An evaluation dataset is a file with gold answers for your search system. Learn about the format of the dataset and how to prepare it.

What's an Evaluation Dataset?

An evaluation dataset is an annotated set of data held back from your model. The annotations, or labels, can be question-answer pairs (for a question-answering system) or question-passage pairs (for an information retrieval system). They indicate the gold answers, which are the answers that you would expect your search system to return.

The evaluation dataset in deepset Cloud is based on the files that you uploaded to Data>Files. After you add your evaluation set, deepset Cloud automatically matches the labels in your dataset with the files in your workspace using file names. If there are labels for which there is no match, deepset Cloud lets you know. The evaluation dataset only works for the files that existed in deepset Cloud at the time when you uploaded the evaluation set.

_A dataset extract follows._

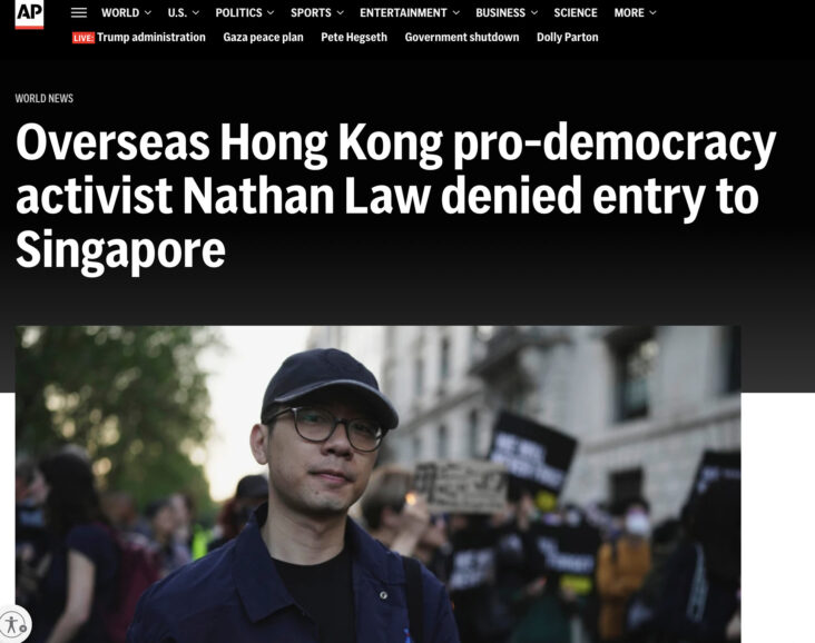 流亡海外的羅冠聰於剛過去星期六日,抵達新加坡準備出席一場閉門活動,但最終被拒絕入境並遣返美國。他在聲明中指,雖然事前已獲新加坡批出簽證,但落機後即被邊境人員扣查4小時,其後接獲通知不得入境,並被轉送到一個疑似用作扣留被驅逐人士的設施,直至翌日早上登機返三藩市,全程約14小時。他質疑事件涉及政治考慮,但未能確定是否與中國有直接或間接關聯。事件發生後,外國有不少傳媒報道有關事件。

Evaluation Dataset for Pipeline Evaluation

During the evaluation, deepset Cloud uses the questions from your evaluation dataset and runs them through the evaluated pipeline letting the system find the answers in all your files. The more files you provide, the more complex the task for the system is.
deepset Cloud then compares the answers returned by your search system to the gold answers from your evaluation dataset and, based on the results, calculates the metrics you can use to tweak your pipeline and boost its performance.

Dataset Format

The evaluation dataset must be a .csv file with the following columns:

  • question
  • text
  • context
  • file_name
  • answer_start
  • answer_end
  • filters (optional)

Here's an evaluation dataset for Harry Potter. This example is meant to show you the format your dataset should follow.

Preparing Your Own Evaluation Dataset

If you want to prepare an annotated dataset for question answering, you can use deepset's Annotation Tool.